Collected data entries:

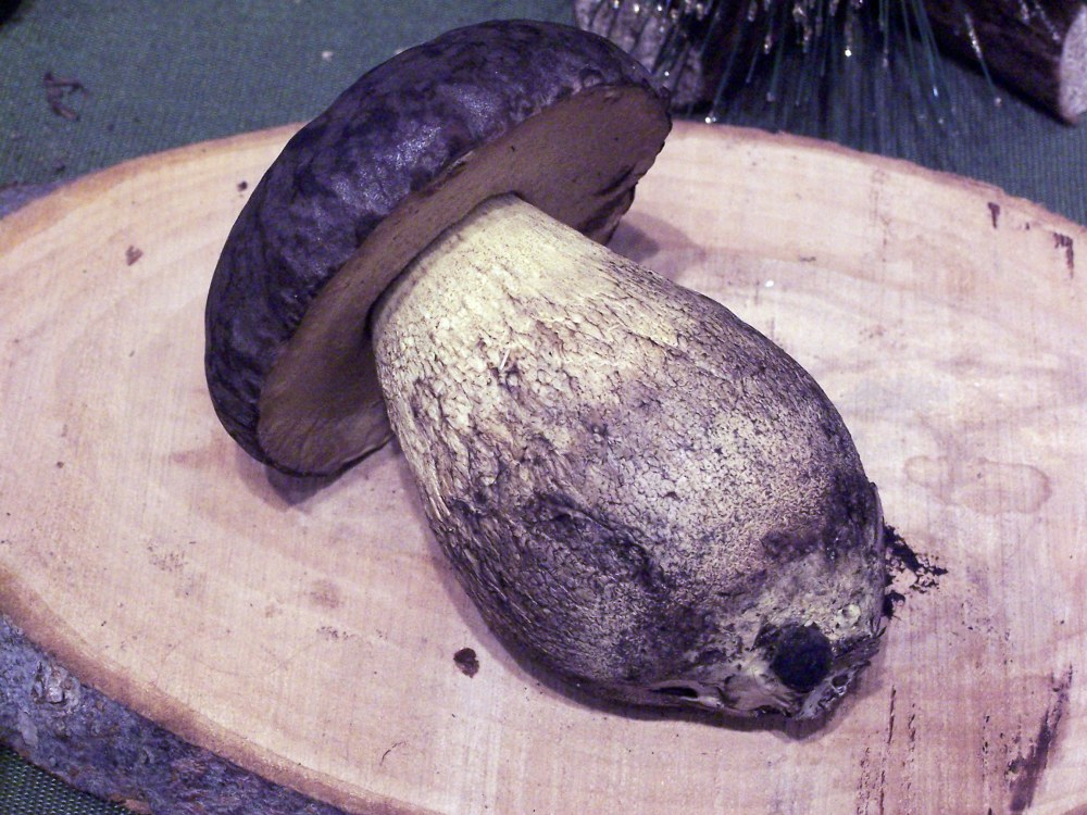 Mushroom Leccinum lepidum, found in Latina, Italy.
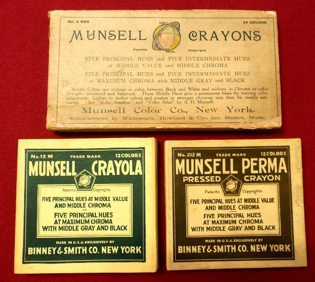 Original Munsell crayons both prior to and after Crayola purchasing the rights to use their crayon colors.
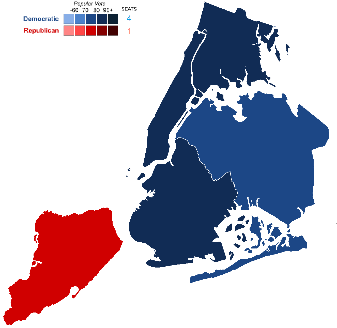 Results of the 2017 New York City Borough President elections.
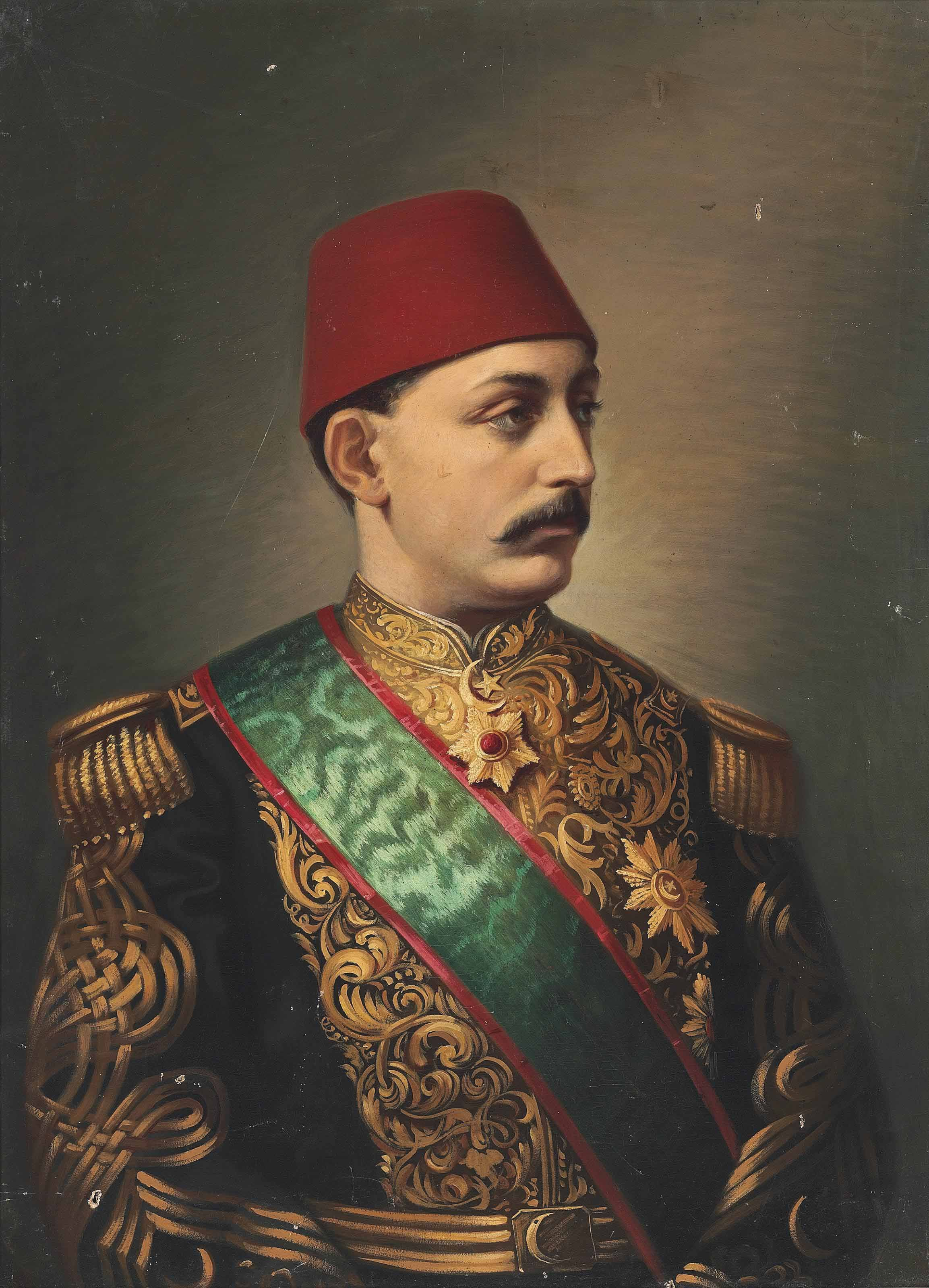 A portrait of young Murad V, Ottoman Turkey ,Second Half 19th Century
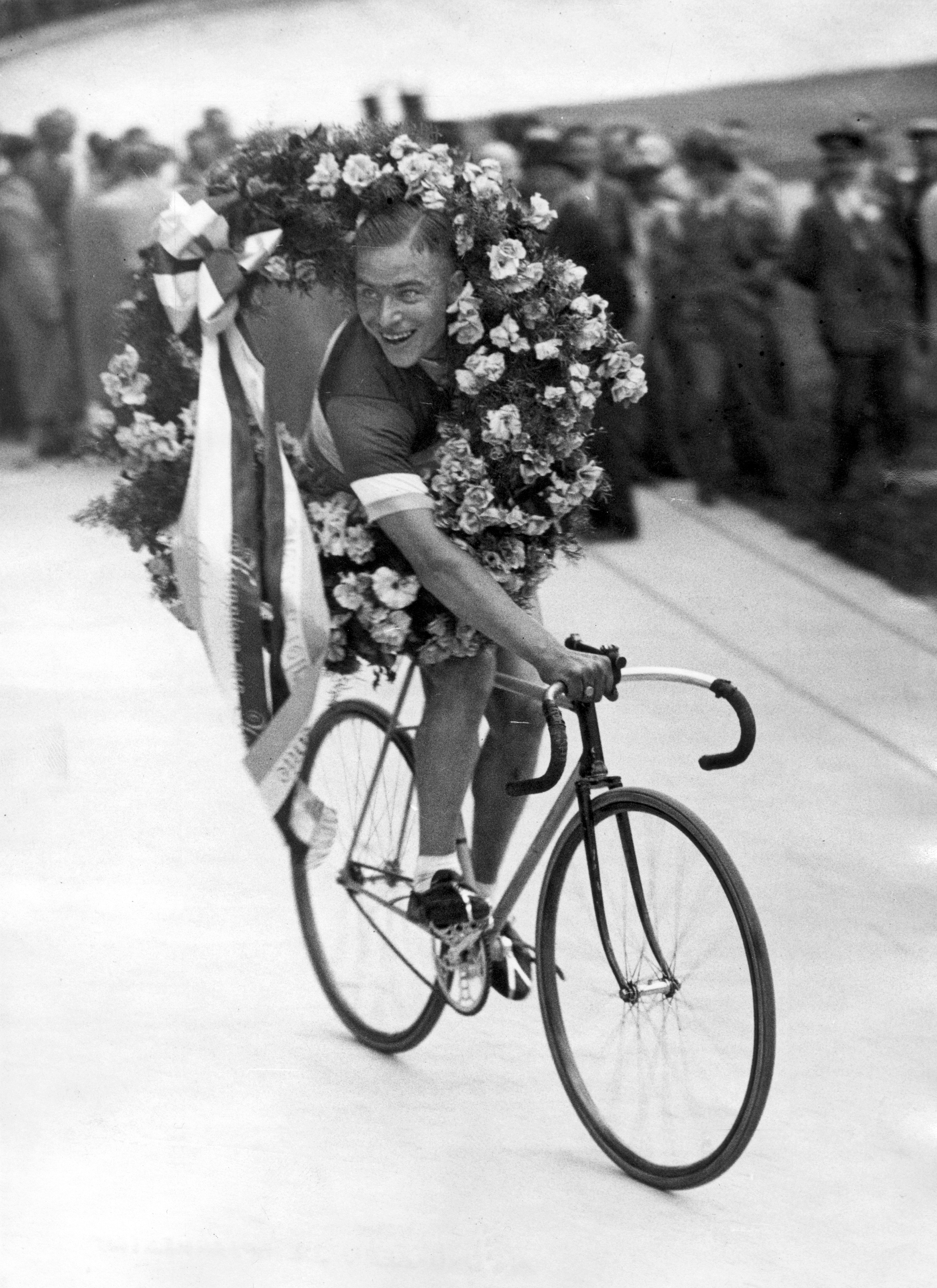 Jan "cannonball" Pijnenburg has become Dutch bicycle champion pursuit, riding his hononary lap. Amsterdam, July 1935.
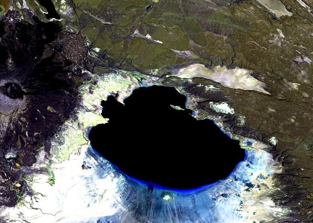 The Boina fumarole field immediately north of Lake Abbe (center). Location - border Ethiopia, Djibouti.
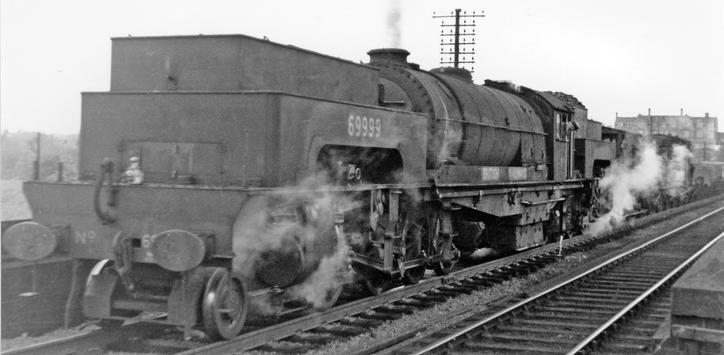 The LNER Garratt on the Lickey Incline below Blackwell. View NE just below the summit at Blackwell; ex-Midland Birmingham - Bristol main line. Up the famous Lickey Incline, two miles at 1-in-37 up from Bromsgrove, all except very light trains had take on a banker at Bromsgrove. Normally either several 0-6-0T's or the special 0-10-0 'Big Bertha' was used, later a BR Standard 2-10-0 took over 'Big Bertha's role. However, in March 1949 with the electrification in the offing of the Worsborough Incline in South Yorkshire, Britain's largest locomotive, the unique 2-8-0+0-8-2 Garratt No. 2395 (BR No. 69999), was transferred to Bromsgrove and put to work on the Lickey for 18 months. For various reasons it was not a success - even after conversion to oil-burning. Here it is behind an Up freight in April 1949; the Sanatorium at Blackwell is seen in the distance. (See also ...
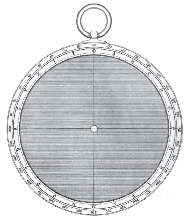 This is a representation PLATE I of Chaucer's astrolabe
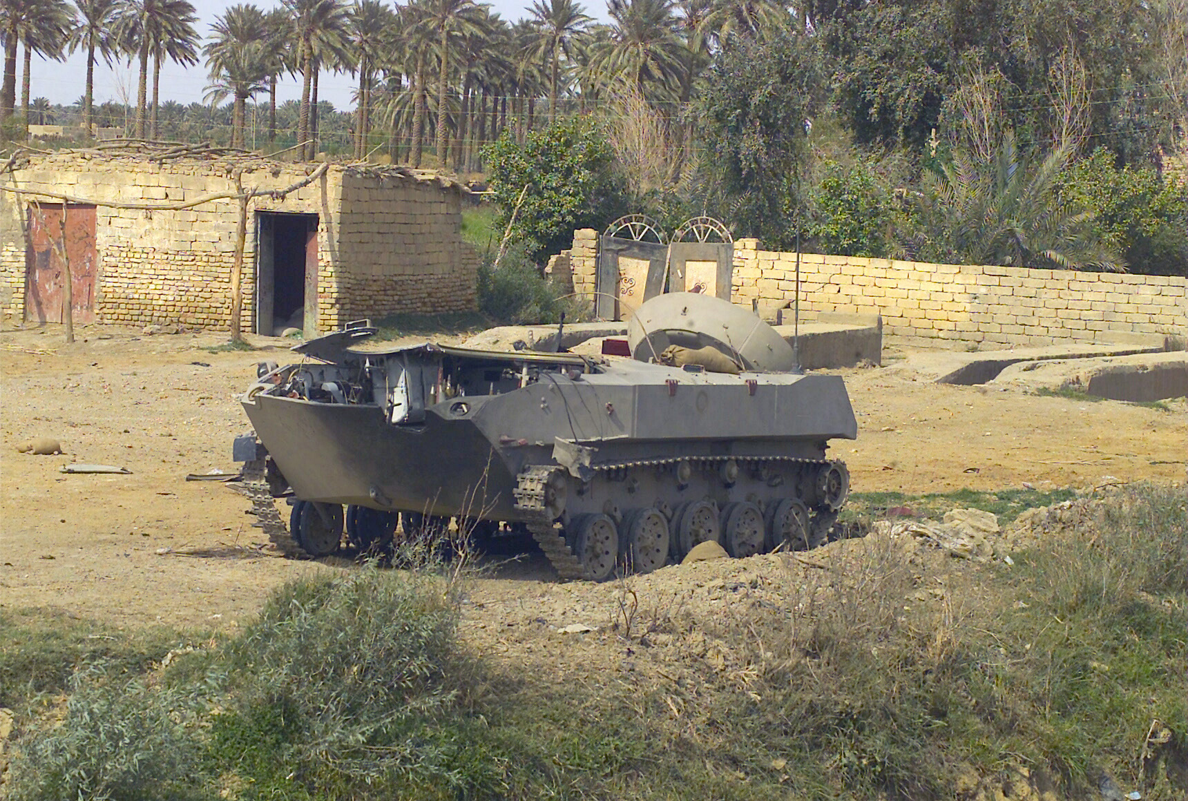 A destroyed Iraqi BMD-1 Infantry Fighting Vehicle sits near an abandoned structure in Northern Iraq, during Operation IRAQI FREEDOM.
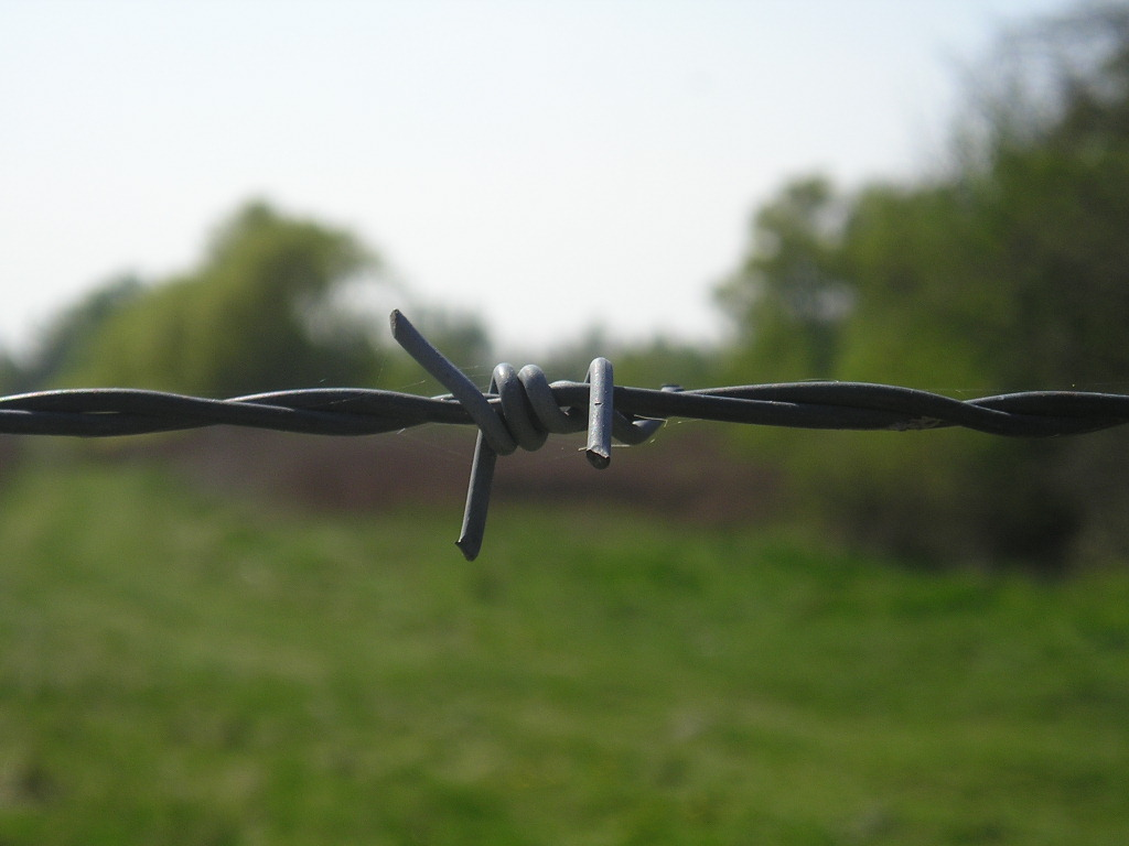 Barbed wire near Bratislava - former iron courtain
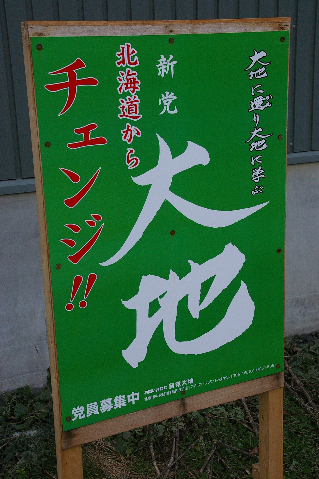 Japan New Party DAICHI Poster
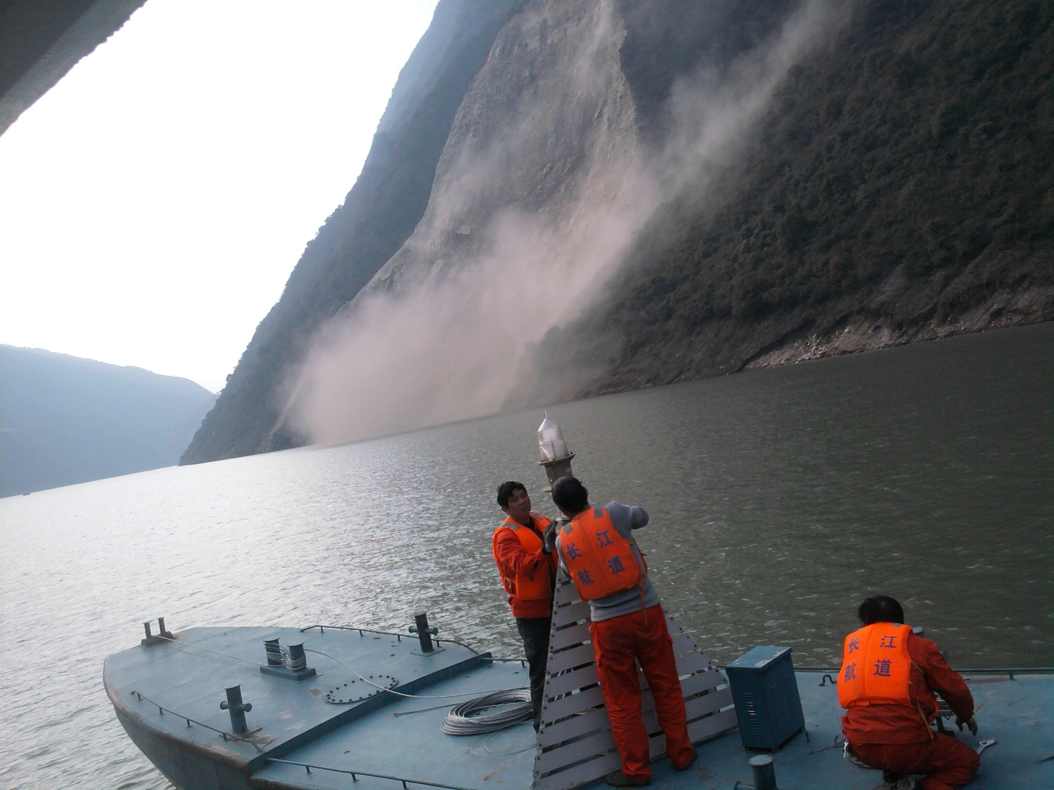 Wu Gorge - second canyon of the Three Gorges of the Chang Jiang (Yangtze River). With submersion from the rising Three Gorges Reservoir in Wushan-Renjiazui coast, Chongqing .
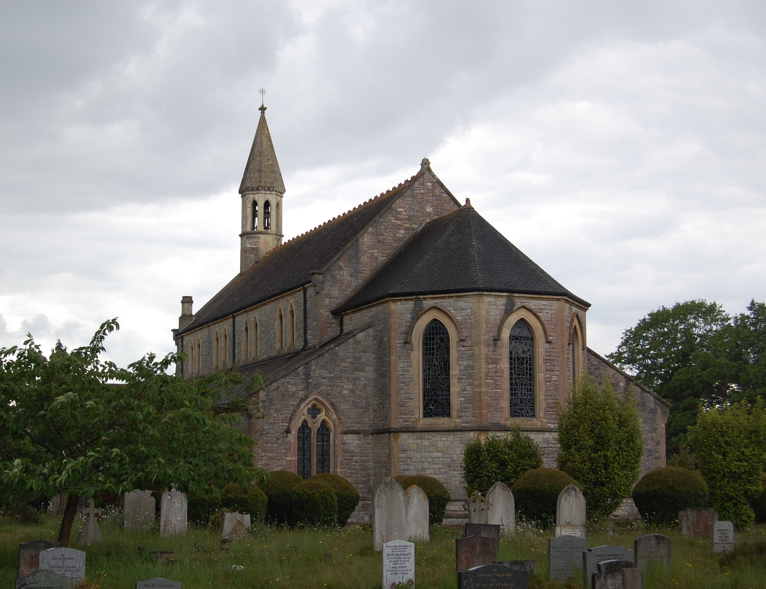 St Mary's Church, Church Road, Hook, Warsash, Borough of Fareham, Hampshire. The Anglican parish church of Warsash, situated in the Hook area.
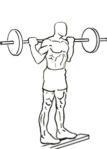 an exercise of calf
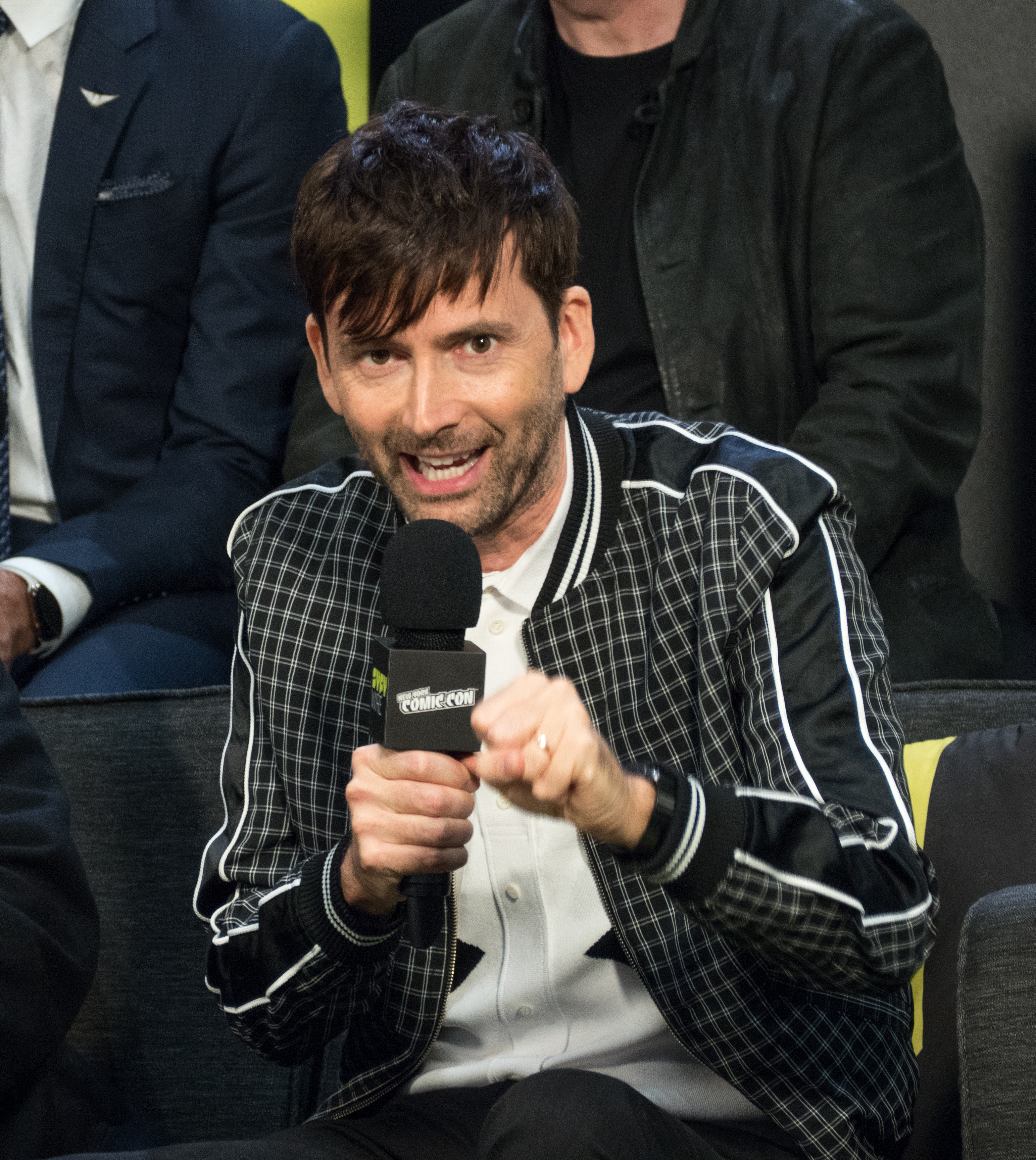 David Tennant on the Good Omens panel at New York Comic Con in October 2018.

WORK ORDER ::
Copy each entry exactly, with no pictures.

RESPONSE BELOW ::
 Mushroom Leccinum lepidum, found in Latina, Italy.
 Original Munsell crayons both prior to and after Crayola purchasing the rights to use their crayon colors.
 Results of the 2017 New York City Borough President elections.
 A portrait of young Murad V, Ottoman Turkey ,Second Half 19th Century
 Jan "cannonball" Pijnenburg has become Dutch bicycle champion pursuit, riding his hononary lap. Amsterdam, July 1935.
 The Boina fumarole field immediately north of Lake Abbe (center). Location - border Ethiopia, Djibouti.
 The LNER Garratt on the Lickey Incline below Blackwell. View NE just below the summit at Blackwell; ex-Midland Birmingham - Bristol main line. Up the famous Lickey Incline, two miles at 1-in-37 up from Bromsgrove, all except very light trains had take on a banker at Bromsgrove. Normally either several 0-6-0T's or the special 0-10-0 'Big Bertha' was used, later a BR Standard 2-10-0 took over 'Big Bertha's role. However, in March 1949 with the electrification in the offing of the Worsborough Incline in South Yorkshire, Britain's largest locomotive, the unique 2-8-0+0-8-2 Garratt No. 2395 (BR No. 69999), was transferred to Bromsgrove and put to work on the Lickey for 18 months. For various reasons it was not a success - even after conversion to oil-burning. Here it is behind an Up freight in April 1949; the Sanatorium at Blackwell is seen in the distance. (See also ...
 This is a representation PLATE I of Chaucer's astrolabe
 A destroyed Iraqi BMD-1 Infantry Fighting Vehicle sits near an abandoned structure in Northern Iraq, during Operation IRAQI FREEDOM.
 Barbed wire near Bratislava - former iron courtain
 Japan New Party DAICHI Poster
 Wu Gorge - second canyon of the Three Gorges of the Chang Jiang (Yangtze River). With submersion from the rising Three Gorges Reservoir in Wushan-Renjiazui coast, Chongqing .
 St Mary's Church, Church Road, Hook, Warsash, Borough of Fareham, Hampshire. The Anglican parish church of Warsash, situated in the Hook area.
 an exercise of calf
 David Tennant on the Good Omens panel at New York Comic Con in October 2018.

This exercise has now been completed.